2.2 Observations: Identify the behaviours that are evidence of the cultural safety issues and cultural capability. These observations should confirm your statement in the introduction about whether the space is safe or unsafe. Some of the things to look for and describe are: physical factors (size and layout of space, position of people in the space), communication factors (body language, voice, words), signs of inclusion or exclusion, and displays of or lack of cultural intelligence. It is a good idea to include a Table to set out your observations. Word count is included in the ‘summary and observations” quota, so don’t ‘spend’ all your words here.
. Analysis: (700-800 words):
In this section you should demonstrate your understanding of the key concepts covered in the unit. Using relevant literature, together with your observations in section 2 of elements within the scenario, analyse whether chosen scenes are a safe or an unsafe space and explain why. Support your claims about whether each scene is a safe or unsafe space with readings and definitions of the concepts that comprise cultural safety including cultural intelligence and cultural capabilities. For example, you might write something like this.
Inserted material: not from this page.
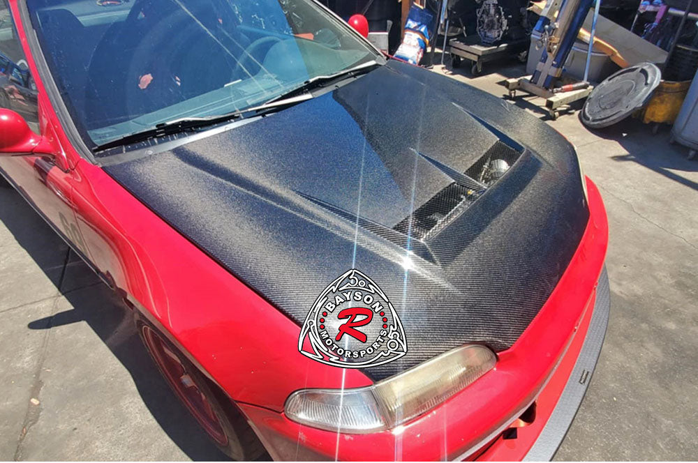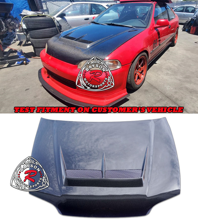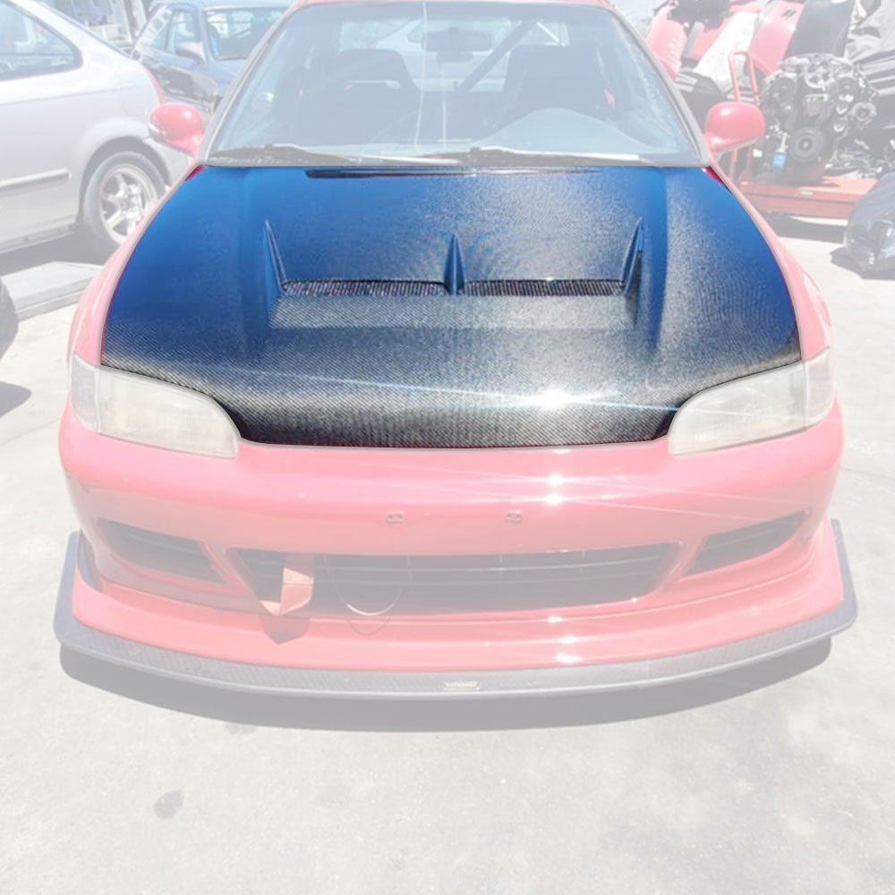 Honda Civic 2Dr/3Dr Carbon Fiber Hood (1992-1995) JS Style, Premium aftermarket replacement hood designed to enhance both performance and aesthetics. Crafted from lightweight, high-quality real carbon fiber, this hood significantly reduces vehicle weight, contributing to improved handling and acceleration. Its precise fit ensures seamless integration with your vehicle, while the aggressive styling hood adds a distinctive, sporty appearance. Engineered for durability and strength, this hood is an excellent upgrade for enthusiasts seeking to combine functional performance gains with striking visual appeal.

In the early part of the sequence of events, Jane displayed a high level of cultural intelligence by adjusting her behaviour with direct eye contact and using a calm tone of voice as soon as she became aware that her patient had never been in a hospital before. This had an instant effect on the patient who visibly relaxed and began to talk. This is an excellent example of what Brislin, Worthley and McNab (2006, p. 40) define as cultural intelligence or the ability to adjust to another culture. Jane showed she was reading the other person’s uncomfortable body language and adjusted her approach appropriately to make the patient feel safe in that new place. This is one way that her cultural capability in her role as a hospital registrar is relevant in making the patient feel safe as they enter the hospital.
This example shows how the student has:
• Identified an example of cultural intelligence from the scenario
• Integrated a definition of cultural intelligence from one of her readings
• Explained how the behavior in this example relates to the definition and the broader question for the report
Hint: As noted earlier, to improve clarity, your analysis may include numbered sub-headings to highlight and structure key issues or reasons that you have identified in your scenario as important to whether the space represented there is safe or not safe (e.g. 3.1 Empathy, 3.2 Intercultural Communication, 3.3 Awareness of Body Language, 3.4 Culture Shock, Etc.).
4. Recommendations (150 – 200 words): Based on your analysis section, make recommendations for how situations in the situation may be changed using cultural capabilities to make this a safer space. The recommendations that you make should tie in very closely to your discussion in the analysis section. If the scenario is already safe, identify what aspects of the scenario have been important in making it safe. References are needed here.
5. Summary and Conclusion (approx. 100 words): Summarise the main ideas. What did your chosen situation show about safe spaces, and what actions needed to be taken to make it a safe space, if anything? No new material or references should be included in the summary and conclusion.